What Distinguishes Classical Hodgkin Disease

In all of the subtypes of classic Hodgkin lymphoma, the cancer cells are an abnormal type of B lymphocyte called Reed-Sternberg (RS) cells. They have a typical appearance that is unlike any other cells in the body. When they are seen in a lymph node biopsy, they aid in the diagnosis of Hodgkin disease. They are very large, and the typical RS cell has two mirror-image nuclei giving it an owl eyes appearance. There are variants of this appearance, but they are easily identified by the pathologist. The RS cells are the cancerous cells, but the enlargement of the lymph nodes is due to the reaction of other immune cells in the lymph nodes. The subtypes of classic Hodgkin disease vary in what other cell types are found in the lymph nodes and which nodes are affected.

Symptoms and Diagnosis

The symptoms of lymphoma are not very different between these four types, but the patterns of enlarged lymph nodes and the stage at diagnosis may be quite different. As a result, the outcomes after treatment may also be different. An experienced pathologist can determine the exact type of Hodgkin by examining lymph node biopsy samples under the microscope.

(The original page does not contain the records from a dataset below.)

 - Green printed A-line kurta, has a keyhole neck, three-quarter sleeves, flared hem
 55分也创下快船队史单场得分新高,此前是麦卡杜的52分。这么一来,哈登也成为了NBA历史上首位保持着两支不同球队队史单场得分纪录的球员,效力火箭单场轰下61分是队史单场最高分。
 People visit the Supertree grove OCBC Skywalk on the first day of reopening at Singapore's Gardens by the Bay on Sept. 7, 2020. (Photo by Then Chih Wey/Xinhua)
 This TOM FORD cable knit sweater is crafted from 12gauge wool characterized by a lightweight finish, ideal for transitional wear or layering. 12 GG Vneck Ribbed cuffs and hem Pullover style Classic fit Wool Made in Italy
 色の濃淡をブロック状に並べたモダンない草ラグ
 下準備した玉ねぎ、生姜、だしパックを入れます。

Classic Hodgkin disease is staged by symptoms, the physical exam, the lymph node biopsy, imaging tests, blood tests, and sometimes with bone marrow tests. These are assessed with the Cotswold staging classificaton and assigned to Stages I through IV. They are also assigned A vs. B for being bulky or not, meaning that the tumors in the chest are a third as wide as the chest or 10 centimeters across in other areas.

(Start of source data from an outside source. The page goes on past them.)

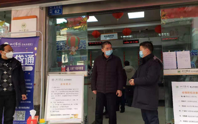 图为该行党委书记、董事长许智泉到营业网点检查督导疫情防控工作
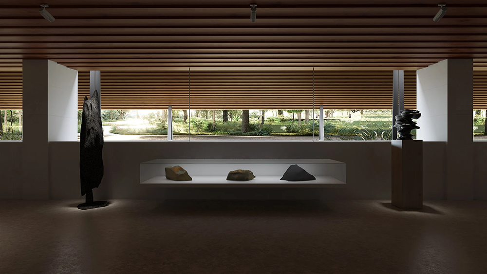 O átrio transparente liga visualmente o novo jardim ao resto do espaço da Gulbenkian e uma nova galeria de mil metros quadrados acolherá exposições da colecção do CAM, estando ladeada por uma Sala de Desenho dedicada à apresentação da sua extensa colecção de obras sobre papel.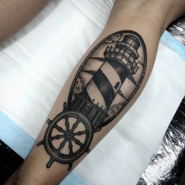 大臂纹身图 男生大臂上齿轮和灯塔纹身图片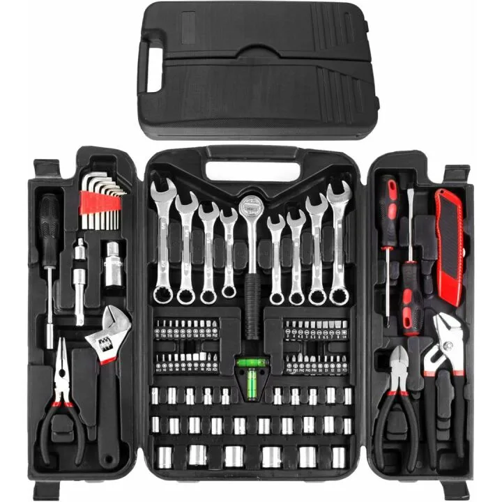 The set includes essential tools such as an adjustable wrench, pliers, socket bits, and more, all organized in a durable plastic toolbox.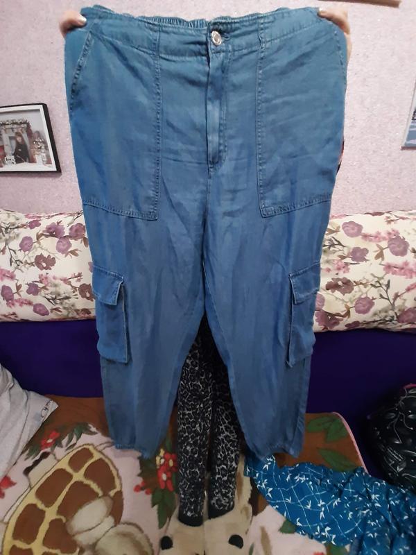 легкие коттоновые летние джоггеры, низ на резинке,талия 43/54,резинка на талии, поб 63, посадка 34,длина 101,шаг 71,не тянется,станидеальный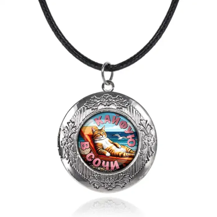 Арома-кулон металлический Кайфую в Сочи — это стильный аксессуар, который не только дополнит образ, но и создаст атмосферу уюта благодаря возможности использования ароматических масел. Изготовлен из бижутерного сплава под серебро, что придаёт изделию элегантный вид. Размер кулона составляет 36х33 мм, что делает его компактным и удобным для ношения. Укомплектован шнурком с застёжкой для комфортного использования. Внутри находится впитывающий шарик, который позволяет долго сохранять аромат. Под выпуклой стеклянной линзой диаметром 20 мм размещено красивое изображение, добавляющее индивидуальности. Для достижения наилучшего эффекта рекомендуется капнуть несколько капель любимого эфирного масла на впитывающий шарик. Кулон идеально подходит как для повседневной носки, так и для особых случаев. Он станет отличным подарком или элементом декора для создания уютной атмосферы.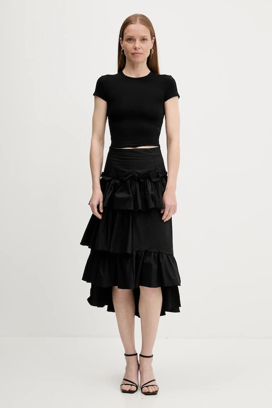 Юбка из коллекции Answear.LAB выполнена из тонкой, слегка эластичной ткани. Модель выполнена из исключительно комфортного хлопкового материала. - Асимметричная модель. - Расклешенный крой. - Застегивается сбоку на потайную молнию. - Высокая талия. - Дополнительный слой материала в виде подкладки. - Модель с декоративными оборками. - Плоские швы защищают кожу от ссадин и раздражения. - Ширина талии: 35,5 см. - Длина: 67/87,5 см. - Указаны размеры: S/M.

Treatment of classic Hodgkin disease depends on the type, stage and whether it is bulky, plus symptoms, lab results, age, and general health. In general, chemotherapy is given, followed by radiation therapy. If there isn't a response to these treatments, it may be followed by a different chemotherapy regimen, stem cell transplant, or treatment with the monoclonal antibody brentuximab vedotin.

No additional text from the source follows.